- [Data extracted from a collection]:
——

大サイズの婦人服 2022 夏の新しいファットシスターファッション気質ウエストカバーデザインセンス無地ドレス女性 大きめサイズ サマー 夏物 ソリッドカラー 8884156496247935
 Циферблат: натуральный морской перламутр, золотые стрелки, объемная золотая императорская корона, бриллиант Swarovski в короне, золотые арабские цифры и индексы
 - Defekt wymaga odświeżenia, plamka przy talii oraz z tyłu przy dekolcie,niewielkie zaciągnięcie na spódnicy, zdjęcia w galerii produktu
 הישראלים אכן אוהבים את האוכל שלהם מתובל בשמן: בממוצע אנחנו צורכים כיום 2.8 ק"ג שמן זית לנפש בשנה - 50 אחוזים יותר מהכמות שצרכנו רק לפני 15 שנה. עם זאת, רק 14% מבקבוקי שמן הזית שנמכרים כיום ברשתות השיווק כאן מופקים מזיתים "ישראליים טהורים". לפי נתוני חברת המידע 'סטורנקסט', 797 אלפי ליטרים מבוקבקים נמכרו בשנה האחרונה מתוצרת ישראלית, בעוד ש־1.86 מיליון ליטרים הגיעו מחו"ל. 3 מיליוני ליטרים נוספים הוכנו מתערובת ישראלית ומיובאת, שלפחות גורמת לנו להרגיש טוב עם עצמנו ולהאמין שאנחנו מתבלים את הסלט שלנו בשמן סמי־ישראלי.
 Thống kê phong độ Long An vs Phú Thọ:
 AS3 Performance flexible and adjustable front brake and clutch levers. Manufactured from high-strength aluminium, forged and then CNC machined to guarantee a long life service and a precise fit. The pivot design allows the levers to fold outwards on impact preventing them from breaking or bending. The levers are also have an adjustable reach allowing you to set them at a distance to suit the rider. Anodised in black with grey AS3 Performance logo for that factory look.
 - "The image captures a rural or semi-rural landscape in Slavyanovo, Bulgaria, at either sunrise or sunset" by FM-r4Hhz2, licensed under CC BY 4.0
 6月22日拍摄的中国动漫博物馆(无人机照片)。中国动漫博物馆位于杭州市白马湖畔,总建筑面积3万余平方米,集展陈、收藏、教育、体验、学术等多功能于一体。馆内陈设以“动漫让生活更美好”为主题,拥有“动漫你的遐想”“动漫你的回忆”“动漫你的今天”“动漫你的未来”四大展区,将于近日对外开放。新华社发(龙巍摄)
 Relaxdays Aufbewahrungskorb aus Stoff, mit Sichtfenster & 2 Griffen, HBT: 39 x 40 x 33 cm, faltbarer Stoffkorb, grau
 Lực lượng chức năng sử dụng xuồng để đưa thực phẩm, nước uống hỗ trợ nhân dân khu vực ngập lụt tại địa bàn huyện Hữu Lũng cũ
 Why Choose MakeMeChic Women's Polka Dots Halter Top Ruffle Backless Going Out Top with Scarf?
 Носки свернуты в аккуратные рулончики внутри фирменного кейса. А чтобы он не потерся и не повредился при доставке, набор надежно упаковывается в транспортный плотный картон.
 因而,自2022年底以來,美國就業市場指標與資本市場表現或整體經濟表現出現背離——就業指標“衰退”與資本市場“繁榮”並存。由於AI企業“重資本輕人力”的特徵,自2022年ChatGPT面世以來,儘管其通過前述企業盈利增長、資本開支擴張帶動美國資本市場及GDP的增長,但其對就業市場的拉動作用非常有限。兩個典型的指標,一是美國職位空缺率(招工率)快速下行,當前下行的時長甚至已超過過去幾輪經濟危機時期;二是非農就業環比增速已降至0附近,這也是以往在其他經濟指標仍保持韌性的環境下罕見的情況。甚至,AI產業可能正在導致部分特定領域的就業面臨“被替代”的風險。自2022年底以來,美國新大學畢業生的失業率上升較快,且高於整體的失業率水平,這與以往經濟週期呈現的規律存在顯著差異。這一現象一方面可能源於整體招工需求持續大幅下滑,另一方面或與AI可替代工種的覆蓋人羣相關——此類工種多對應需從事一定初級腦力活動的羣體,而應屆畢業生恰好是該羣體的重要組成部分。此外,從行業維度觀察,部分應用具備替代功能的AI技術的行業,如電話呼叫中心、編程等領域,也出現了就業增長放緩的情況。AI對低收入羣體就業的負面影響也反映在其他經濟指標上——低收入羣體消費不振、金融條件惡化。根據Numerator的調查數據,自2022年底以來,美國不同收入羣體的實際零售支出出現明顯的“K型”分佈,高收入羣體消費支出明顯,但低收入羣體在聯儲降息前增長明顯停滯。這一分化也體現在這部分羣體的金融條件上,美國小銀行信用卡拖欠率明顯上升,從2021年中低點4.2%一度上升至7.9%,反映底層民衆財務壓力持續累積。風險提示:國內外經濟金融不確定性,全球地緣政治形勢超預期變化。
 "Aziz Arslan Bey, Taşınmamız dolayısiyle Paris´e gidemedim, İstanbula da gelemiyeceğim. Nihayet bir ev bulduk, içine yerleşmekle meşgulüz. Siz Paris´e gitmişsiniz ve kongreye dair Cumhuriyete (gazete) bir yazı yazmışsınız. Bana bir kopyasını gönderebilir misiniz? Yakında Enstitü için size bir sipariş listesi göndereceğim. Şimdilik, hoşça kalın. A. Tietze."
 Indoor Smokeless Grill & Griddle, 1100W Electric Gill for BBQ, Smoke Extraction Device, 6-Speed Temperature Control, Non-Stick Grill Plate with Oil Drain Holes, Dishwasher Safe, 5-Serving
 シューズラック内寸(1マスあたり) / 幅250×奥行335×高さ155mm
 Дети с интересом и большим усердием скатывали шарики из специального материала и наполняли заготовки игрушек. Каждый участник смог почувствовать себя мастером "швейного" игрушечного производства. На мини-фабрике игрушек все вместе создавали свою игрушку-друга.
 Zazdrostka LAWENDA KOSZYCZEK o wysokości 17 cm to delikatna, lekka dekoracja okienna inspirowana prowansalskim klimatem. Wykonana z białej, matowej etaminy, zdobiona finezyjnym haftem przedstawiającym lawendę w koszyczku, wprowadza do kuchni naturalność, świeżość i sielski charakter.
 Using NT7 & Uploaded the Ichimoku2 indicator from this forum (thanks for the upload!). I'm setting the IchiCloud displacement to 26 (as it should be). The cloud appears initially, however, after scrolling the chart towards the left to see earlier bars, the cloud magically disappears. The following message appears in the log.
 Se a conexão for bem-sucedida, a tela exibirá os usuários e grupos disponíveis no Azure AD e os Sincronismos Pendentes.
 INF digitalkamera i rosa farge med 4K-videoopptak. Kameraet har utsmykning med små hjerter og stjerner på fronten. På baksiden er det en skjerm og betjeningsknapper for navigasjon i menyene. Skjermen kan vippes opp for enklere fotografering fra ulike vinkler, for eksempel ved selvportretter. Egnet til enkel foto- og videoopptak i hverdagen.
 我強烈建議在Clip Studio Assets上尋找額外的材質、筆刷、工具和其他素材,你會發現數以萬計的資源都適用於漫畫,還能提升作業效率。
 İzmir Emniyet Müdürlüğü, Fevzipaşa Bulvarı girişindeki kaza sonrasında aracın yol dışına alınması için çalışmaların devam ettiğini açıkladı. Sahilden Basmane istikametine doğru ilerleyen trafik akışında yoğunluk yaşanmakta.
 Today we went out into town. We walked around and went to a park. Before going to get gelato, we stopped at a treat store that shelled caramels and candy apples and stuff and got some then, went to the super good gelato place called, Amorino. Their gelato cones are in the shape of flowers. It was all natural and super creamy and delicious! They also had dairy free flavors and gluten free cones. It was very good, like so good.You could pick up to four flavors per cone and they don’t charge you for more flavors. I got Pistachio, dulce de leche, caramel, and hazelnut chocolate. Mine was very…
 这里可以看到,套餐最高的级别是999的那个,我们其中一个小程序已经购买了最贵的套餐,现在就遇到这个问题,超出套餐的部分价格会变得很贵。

——

- [Task description]: Whenever a line in the entries holds the word "için", copy that line.

- [Answer for the task]:
 "Aziz Arslan Bey, Taşınmamız dolayısiyle Paris´e gidemedim, İstanbula da gelemiyeceğim. Nihayet bir ev bulduk, içine yerleşmekle meşgulüz. Siz Paris´e gitmişsiniz ve kongreye dair Cumhuriyete (gazete) bir yazı yazmışsınız. Bana bir kopyasını gönderebilir misiniz? Yakında Enstitü için size bir sipariş listesi göndereceğim. Şimdilik, hoşça kalın. A. Tietze."
 İzmir Emniyet Müdürlüğü, Fevzipaşa Bulvarı girişindeki kaza sonrasında aracın yol dışına alınması için çalışmaların devam ettiğini açıkladı. Sahilden Basmane istikametine doğru ilerleyen trafik akışında yoğunluk yaşanmakta.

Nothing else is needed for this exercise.